When the Seo-in faction (서인, 西人) had made sure they couldn't leave the palace, the Princess's mother, Queen Inmok feared that her daughter would be taken away and lied that the Princess had already died. During this time, in 1618, she was 16 years old. In 1623, 5 years later, Gwanghae was deposed from his position and was succeeded by Prince Neungyang (능양군).

Marriage
After the deposition of Gwanghaegun, there was a talk within court officials on having her mother, who became Queen Dowager (대비, 大妃), be demoted and just become a royal consort (후궁, 後宮) so that the Princess will just be an Ong-ju (옹주, 翁主), a princess of second rank. Yi Yi-Cheom (이이첨) forced the Princess to get married and live outside the palace so that her marriage will just be that of an Ong-ju (옹주, 翁主). However, the Princess's mother, who had lost and parted with her son during this period, didn't want to lose and part again with her only daughter, so she immediately applied to her stepson, Gwanghaegun of Joseon to free her daughter.
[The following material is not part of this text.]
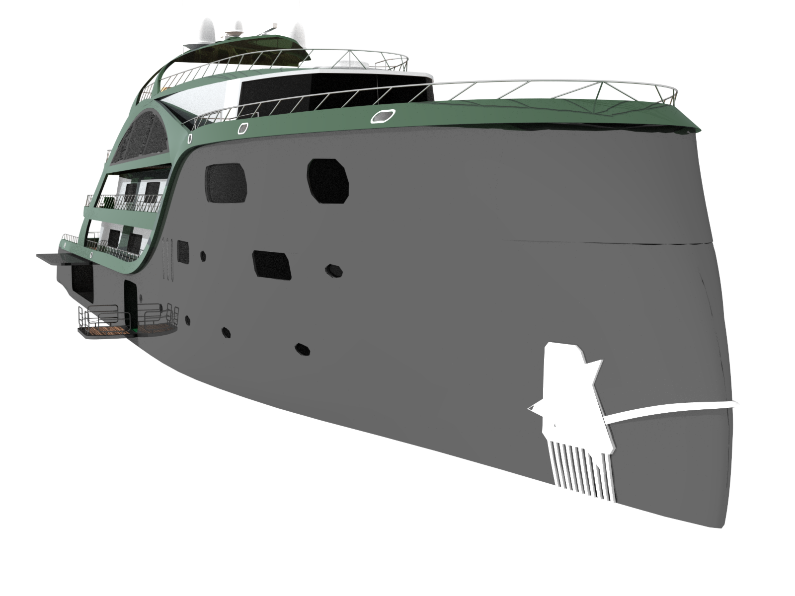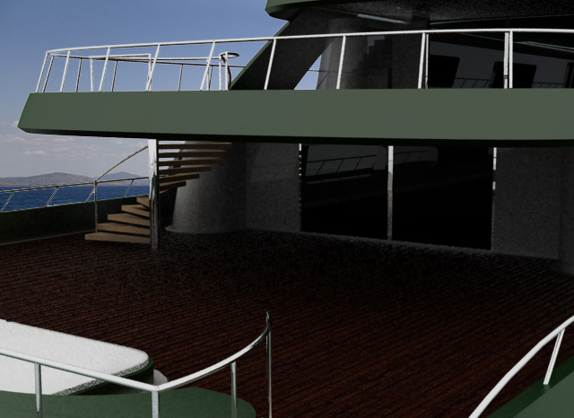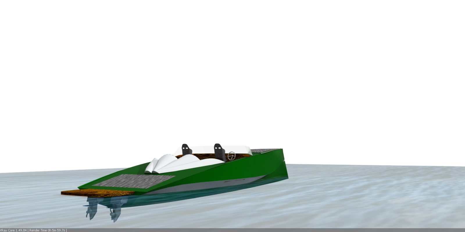 Looks cool, especially the hull and boarding walk through transom. What kind of power plant and power are you thinking of?

Later, in 1623, when her half nephew, Injo of Joseon succeeded Gwanghae's throne, she was reinstated and allowed to live in Changdeok Palace (창덕궁, 昌德宮) along with her mother. At this time, she was 21 years old. Which was a difficult age to marry because during this time period, the Princess was considered too old to marry as girls usually married at a young age. As she couldn't find a husband who was similar to her age, she decided to choose someone younger than her. Since the other Princesses  already married a long time ago, it had made it seem that she married the latest among the Joseon Princesses at the time. But in fact, her half-sisters and her half-nieces got married at an older age than her, so the court ordered her to marry in hurry. The reason why her marriage was postponed was unknown but it seemed because of the circumstances along this period, or maybe because the Princess's mother who feared that if she was married, she wouldn't be able to live in the palace and live peacefully within her in-law's house.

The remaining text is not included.